If any additional data needs to be accessible locally from within the spark cluster, they can be specified using -e/--extra-data. Both files and directories are supported, and they will be accessible relative to the application’s root directory.

For example, a single file, as in -e example.csv, will be made accessible from spark at ./example.csv, regardless from the original directory structure. If a directory is specified, e.g. -e extra/data, that folder will be accessible from spark at ./data.

Spark Configuration

Any flags and configuration arguments accepted by spark-submit can also be used using lane-submit.

For example, spark-submit configuration arguments could look like:

spark-submit --properties-file ./spark.conf --executor-memory 20G --supervise [...]

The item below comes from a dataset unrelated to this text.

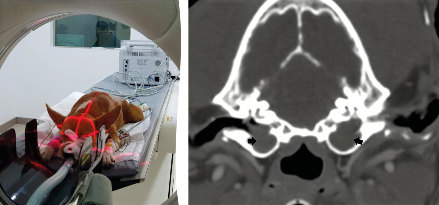 La tomografía computarizada (TC) se considera la técnica de referencia para el estudio de las estructuras del oído medio. Permite valorar la integridad y el grosor del tímpano, la presencia de contenido líquido en oído medio, masas y alteraciones en la estructura ósea de la bulla y huesos adyacentes mediante la visualización de las estructuras anatómicas en sección transversal, evitando la superposición de estructuras característica de las radiografías.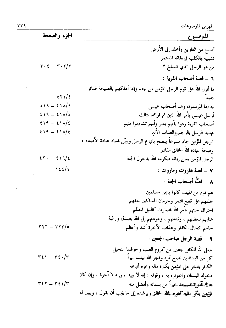 جعل الله للكافر جنتين من كروم العنب وحولهما النخيل كل من البستانين نضج ثمره وفجر الله بينهما نهرا 3/ 340- 341 الكافر يفخر على المؤمن بكثرة ماله وعزة أتباعه دخوله البستان واعتزازه به، وقوله: إنه لا يبيد، وإنه لا آخرة، وإن كان هناك آخرة فسيجد خيرا من بستانه وأفضل منه 3/ 341- 342 المؤمن ينكر عليه كفره بالله الخالق ويرشده إلى ما يجب أن يقول، ويبين له

Then those same arguments could be passed using lane-submit like:

lane-submit -s properties-file=./spark.conf executor-memory=20G supervise [...]

Custom main

The default main python file is a simple script loading and executing the lane:

"""A simple 'main' file, that will be submitted to spark. It will execute the lane as defined in
the YAML lane definition file."""
# pylint: disable=missing-docstring
from argparse import ArgumentParser

from sparklanes import build_lane_from_yaml


def main():
    args = parse_args()
    build_lane_from_yaml(args['lane']).run()


def parse_args():
    parser = ArgumentParser()
    parser.add_argument('-l', '--lane',
                        help='Relative or absolute path to the lane definition YAML file',
                        type=str,
                        required=True)

    return parser.parse_args().__dict__


if __name__ == '__main__':
    main()

If this is not sufficient, the script can be extended and the new python script specified as a custom main file as in -m new_main.py.